La rilevanza geopolitica dello spazio post sovietico per la Russia era data sia dal punto di vista dell'identità euro asiatica, sia da importanti interessi economici in gioco in quest'area. Nonostante il progetto del Partenariato Orientale costituisse una semplice forma di cooperazione, la Russia lo percepiva come la volontà europea di acquisire una sempre maggiore influenza nella regione. Di conseguenza, Mosca tentava di aumentare la propria ingerenza, in modo da ostacolare i progetti europei e conservare i suoi interessi vitali nella zona.

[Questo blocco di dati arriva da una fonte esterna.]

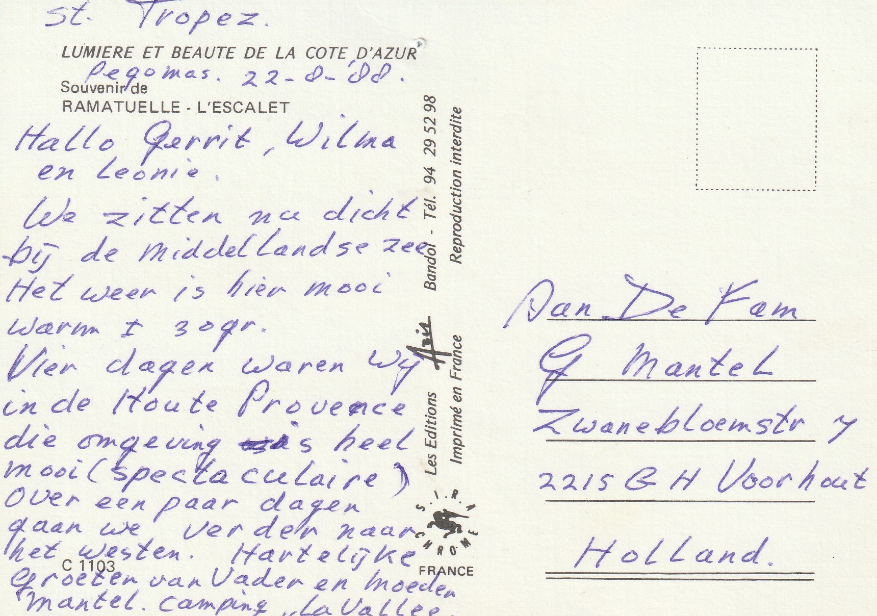 | Aan: | G. Mantel, Zwanebloemstraat, Voorhout |

A causa di questa rivalità, si venne a creare una situazione di concorrenza che risultò chiara quando Mosca criticò apertamente la decisione europea di escluderla dal negoziato per modernizzare le infrastrutture dei gasdotto ucraini.

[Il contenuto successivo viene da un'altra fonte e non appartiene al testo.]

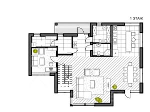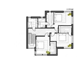На первом этаже просторный холл, гостевой санузел, гостиная, кухня-столовая, котельная, кабинет. На втором этаже 3 спальни. Мастер спальня имеет свой санузел и гардеробную. В доме всего 4 спальни, 3 санузла.

Una convergenza di interessi euro russi avrebbe potuto favorire un impegno da entrambe le parti per creare una rete di infrastrutture energetiche più efficiente, in modo da garantire un approvvigionamento sicuro sia nell'area post sovietica sia in Europa, con relativi ritorni economici. Purtroppo non fu questo che accadde, dal momento che la concorrenza divenne sempre più palpabile e il Ministro degli Esteri russo Lavrov dichiarò la necessità per Mosca di essere informata riguardo alla discussione di affari internazionali che ne tocchino direttamente gli interessi.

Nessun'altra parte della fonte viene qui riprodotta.